Provided entries:
Start of Block

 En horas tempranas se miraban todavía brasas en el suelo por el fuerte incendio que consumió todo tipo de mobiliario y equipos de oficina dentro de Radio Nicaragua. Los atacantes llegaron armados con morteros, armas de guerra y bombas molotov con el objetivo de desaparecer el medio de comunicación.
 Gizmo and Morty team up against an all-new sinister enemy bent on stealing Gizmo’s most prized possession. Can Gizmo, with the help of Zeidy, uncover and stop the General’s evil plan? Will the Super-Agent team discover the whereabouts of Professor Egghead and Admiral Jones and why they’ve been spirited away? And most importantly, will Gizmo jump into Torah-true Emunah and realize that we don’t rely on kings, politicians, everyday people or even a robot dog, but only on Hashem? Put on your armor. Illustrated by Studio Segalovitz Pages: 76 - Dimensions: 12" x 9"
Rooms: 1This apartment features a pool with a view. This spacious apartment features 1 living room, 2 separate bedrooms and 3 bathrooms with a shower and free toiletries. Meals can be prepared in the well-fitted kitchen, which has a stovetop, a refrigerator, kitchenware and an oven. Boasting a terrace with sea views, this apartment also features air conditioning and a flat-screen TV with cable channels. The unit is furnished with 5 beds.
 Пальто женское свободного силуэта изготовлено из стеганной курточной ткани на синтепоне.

End of Block
Start of Block

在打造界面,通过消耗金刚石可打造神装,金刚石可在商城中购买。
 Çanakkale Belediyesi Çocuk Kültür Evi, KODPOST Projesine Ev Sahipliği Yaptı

End of Block
Start of Block

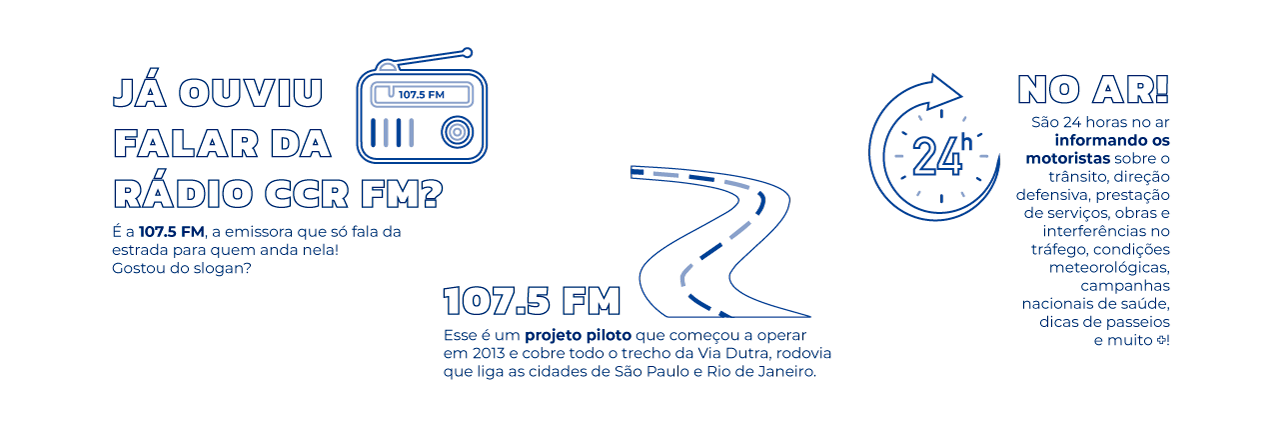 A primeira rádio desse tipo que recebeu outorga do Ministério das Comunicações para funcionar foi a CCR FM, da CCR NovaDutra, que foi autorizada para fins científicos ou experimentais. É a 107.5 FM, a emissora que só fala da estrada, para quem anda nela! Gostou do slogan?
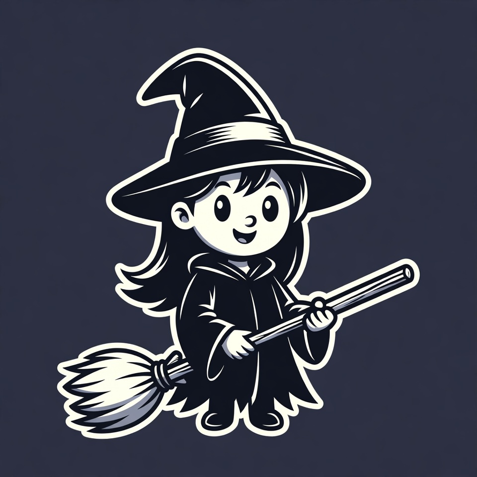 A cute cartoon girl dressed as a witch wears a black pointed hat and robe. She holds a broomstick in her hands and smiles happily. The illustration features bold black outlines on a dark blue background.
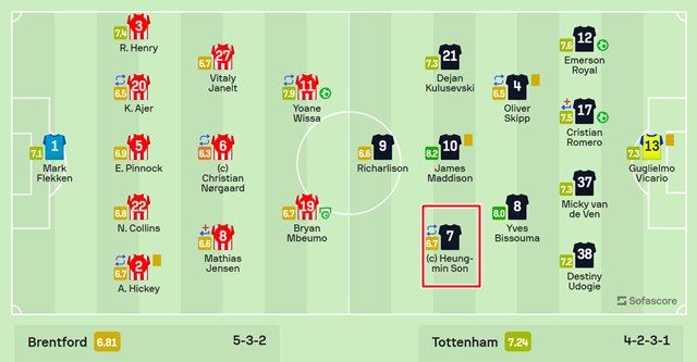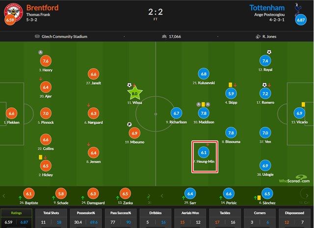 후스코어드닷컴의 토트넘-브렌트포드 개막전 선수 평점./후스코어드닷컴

End of Block

Your assignment: Send back exactly the lines of the listing above starting at the one with "En horas tempranas" and ending at the one with "Пальто женское свободного", inclusive, and no others.

Written solution:
 En horas tempranas se miraban todavía brasas en el suelo por el fuerte incendio que consumió todo tipo de mobiliario y equipos de oficina dentro de Radio Nicaragua. Los atacantes llegaron armados con morteros, armas de guerra y bombas molotov con el objetivo de desaparecer el medio de comunicación.
 Gizmo and Morty team up against an all-new sinister enemy bent on stealing Gizmo’s most prized possession. Can Gizmo, with the help of Zeidy, uncover and stop the General’s evil plan? Will the Super-Agent team discover the whereabouts of Professor Egghead and Admiral Jones and why they’ve been spirited away? And most importantly, will Gizmo jump into Torah-true Emunah and realize that we don’t rely on kings, politicians, everyday people or even a robot dog, but only on Hashem? Put on your armor. Illustrated by Studio Segalovitz Pages: 76 - Dimensions: 12" x 9"
Rooms: 1This apartment features a pool with a view. This spacious apartment features 1 living room, 2 separate bedrooms and 3 bathrooms with a shower and free toiletries. Meals can be prepared in the well-fitted kitchen, which has a stovetop, a refrigerator, kitchenware and an oven. Boasting a terrace with sea views, this apartment also features air conditioning and a flat-screen TV with cable channels. The unit is furnished with 5 beds.
 Пальто женское свободного силуэта изготовлено из стеганной курточной ткани на синтепоне.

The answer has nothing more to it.